Exercise aim: Do not repeat pictures. Repeat exactly the lines of the listing below from its first line through the line with "弗迪动力,2025年上半年装机量718,710套,市场份额25.6%。".

Information given:

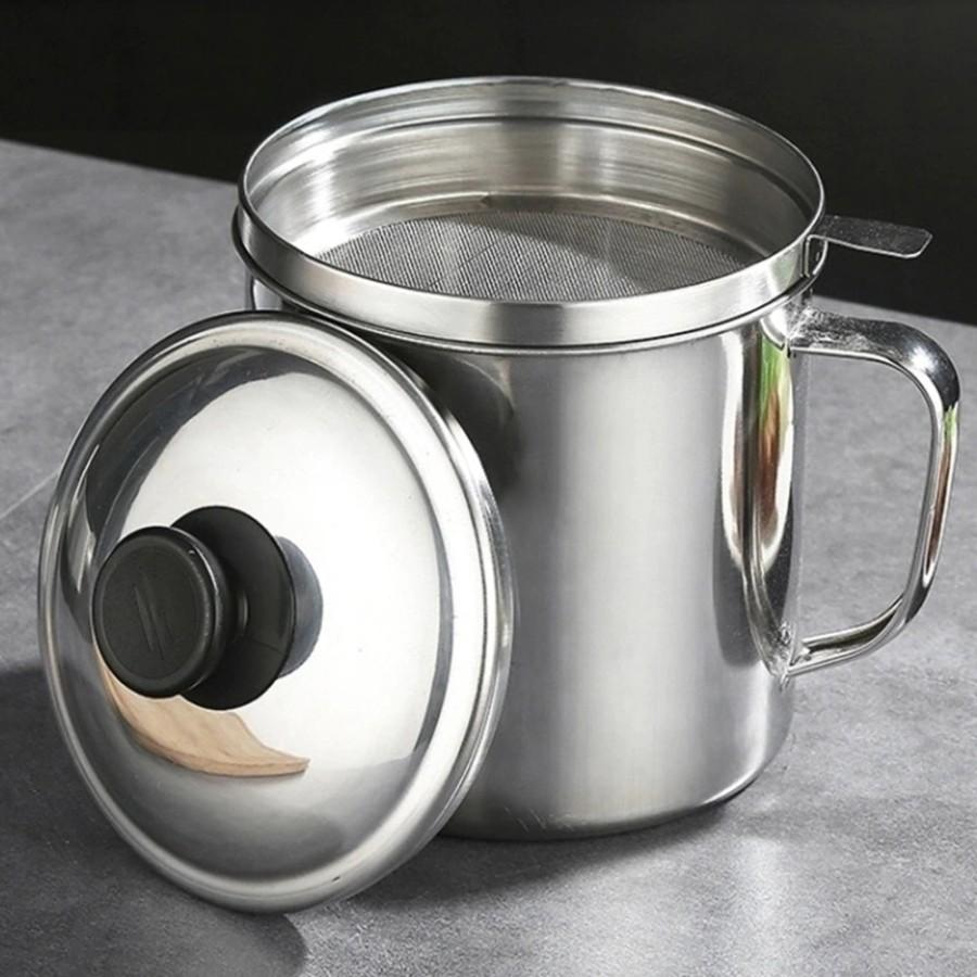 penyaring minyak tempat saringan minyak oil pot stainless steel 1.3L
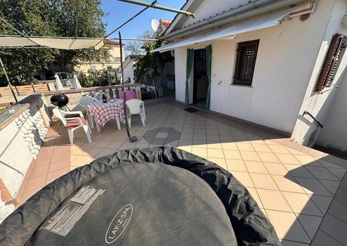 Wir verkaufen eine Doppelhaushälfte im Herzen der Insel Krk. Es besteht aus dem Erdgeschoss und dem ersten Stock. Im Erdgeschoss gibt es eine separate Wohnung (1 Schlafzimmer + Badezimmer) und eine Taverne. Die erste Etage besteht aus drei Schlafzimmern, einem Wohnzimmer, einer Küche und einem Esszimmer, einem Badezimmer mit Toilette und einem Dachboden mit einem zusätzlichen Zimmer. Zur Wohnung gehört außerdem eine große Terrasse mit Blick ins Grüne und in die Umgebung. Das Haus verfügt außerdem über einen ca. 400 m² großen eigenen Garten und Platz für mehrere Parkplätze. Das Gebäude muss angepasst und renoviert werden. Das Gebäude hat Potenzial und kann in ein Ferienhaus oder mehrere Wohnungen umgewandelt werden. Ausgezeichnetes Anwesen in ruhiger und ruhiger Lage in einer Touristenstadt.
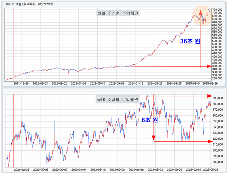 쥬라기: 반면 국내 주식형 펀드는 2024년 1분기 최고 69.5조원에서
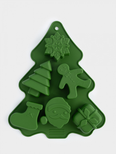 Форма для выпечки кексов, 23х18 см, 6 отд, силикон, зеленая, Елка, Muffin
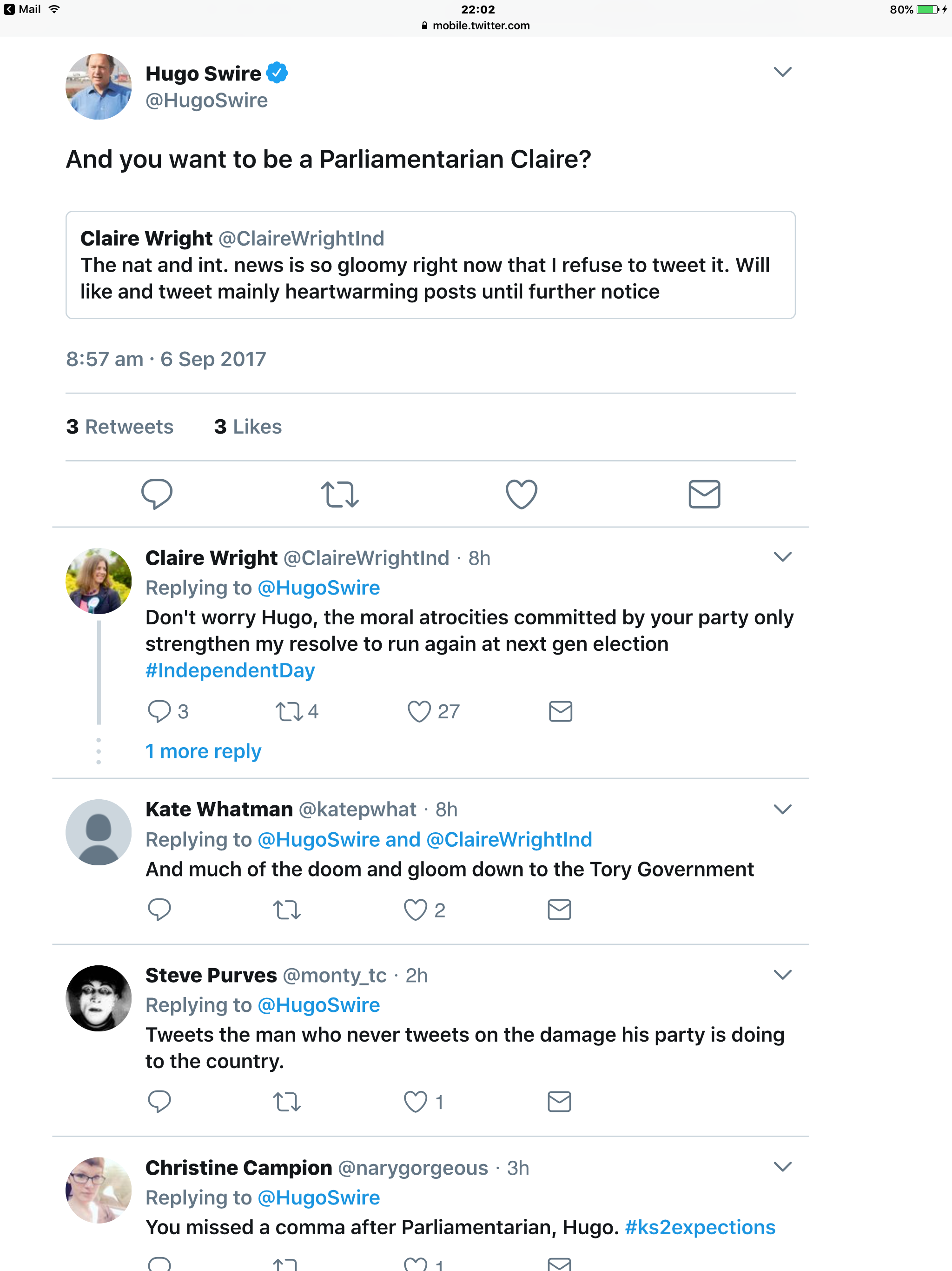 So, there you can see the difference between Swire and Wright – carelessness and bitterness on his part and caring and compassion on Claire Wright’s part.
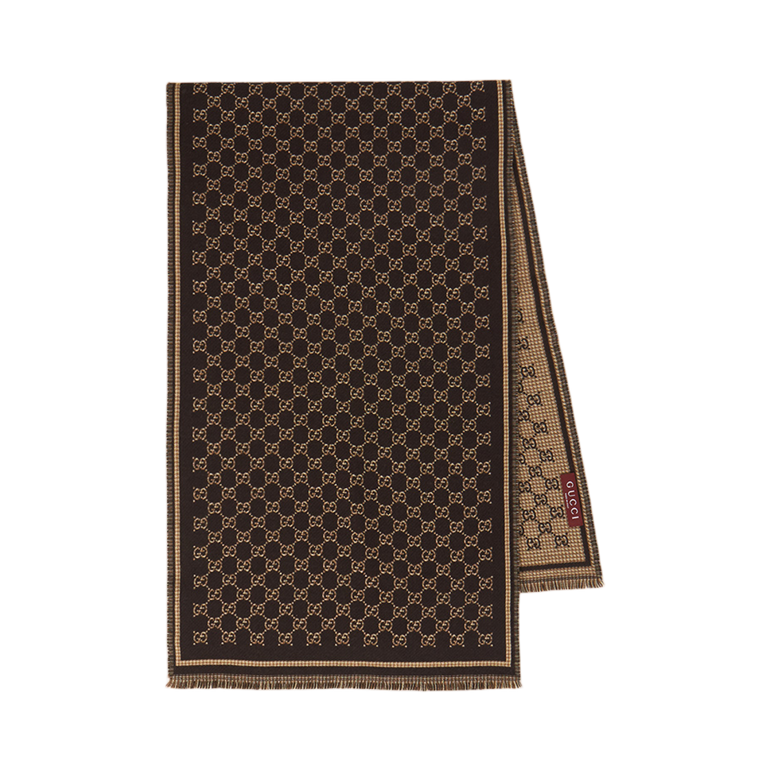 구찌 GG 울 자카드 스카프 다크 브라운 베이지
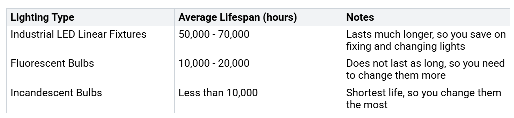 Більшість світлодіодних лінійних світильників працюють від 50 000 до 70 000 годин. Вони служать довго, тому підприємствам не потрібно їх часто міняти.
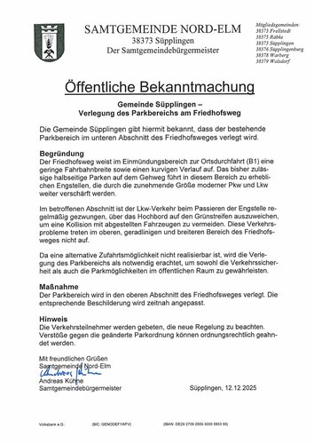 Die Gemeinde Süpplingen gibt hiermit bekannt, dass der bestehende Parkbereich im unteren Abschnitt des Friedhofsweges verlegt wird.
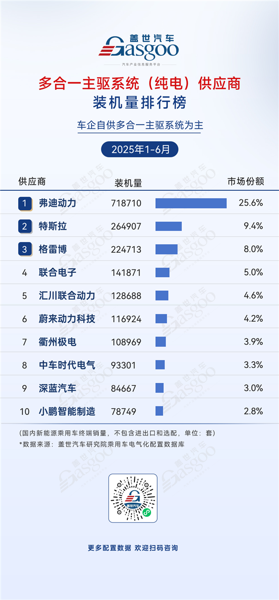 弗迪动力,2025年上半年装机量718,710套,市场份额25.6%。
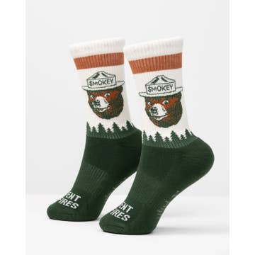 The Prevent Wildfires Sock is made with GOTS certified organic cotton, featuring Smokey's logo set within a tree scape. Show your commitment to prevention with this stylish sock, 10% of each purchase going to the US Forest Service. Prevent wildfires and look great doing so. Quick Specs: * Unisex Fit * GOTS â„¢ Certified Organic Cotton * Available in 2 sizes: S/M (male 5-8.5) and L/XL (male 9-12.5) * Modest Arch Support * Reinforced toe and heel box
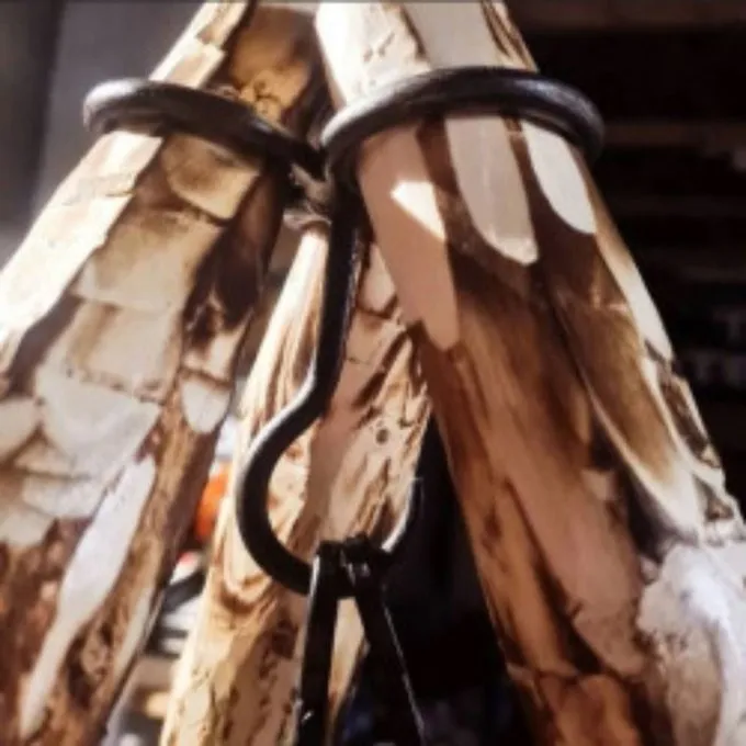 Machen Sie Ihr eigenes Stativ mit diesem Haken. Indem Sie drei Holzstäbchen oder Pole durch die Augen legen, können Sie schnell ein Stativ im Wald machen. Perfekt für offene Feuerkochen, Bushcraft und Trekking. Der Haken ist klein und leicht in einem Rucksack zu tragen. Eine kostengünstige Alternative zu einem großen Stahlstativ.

Result for this task:
 penyaring minyak tempat saringan minyak oil pot stainless steel 1.3L
 Wir verkaufen eine Doppelhaushälfte im Herzen der Insel Krk. Es besteht aus dem Erdgeschoss und dem ersten Stock. Im Erdgeschoss gibt es eine separate Wohnung (1 Schlafzimmer + Badezimmer) und eine Taverne. Die erste Etage besteht aus drei Schlafzimmern, einem Wohnzimmer, einer Küche und einem Esszimmer, einem Badezimmer mit Toilette und einem Dachboden mit einem zusätzlichen Zimmer. Zur Wohnung gehört außerdem eine große Terrasse mit Blick ins Grüne und in die Umgebung. Das Haus verfügt außerdem über einen ca. 400 m² großen eigenen Garten und Platz für mehrere Parkplätze. Das Gebäude muss angepasst und renoviert werden. Das Gebäude hat Potenzial und kann in ein Ferienhaus oder mehrere Wohnungen umgewandelt werden. Ausgezeichnetes Anwesen in ruhiger und ruhiger Lage in einer Touristenstadt.
 쥬라기: 반면 국내 주식형 펀드는 2024년 1분기 최고 69.5조원에서
 Форма для выпечки кексов, 23х18 см, 6 отд, силикон, зеленая, Елка, Muffin
 So, there you can see the difference between Swire and Wright – carelessness and bitterness on his part and caring and compassion on Claire Wright’s part.
 구찌 GG 울 자카드 스카프 다크 브라운 베이지
 Більшість світлодіодних лінійних світильників працюють від 50 000 до 70 000 годин. Вони служать довго, тому підприємствам не потрібно їх часто міняти.
 Die Gemeinde Süpplingen gibt hiermit bekannt, dass der bestehende Parkbereich im unteren Abschnitt des Friedhofsweges verlegt wird.
 弗迪动力,2025年上半年装机量718,710套,市场份额25.6%。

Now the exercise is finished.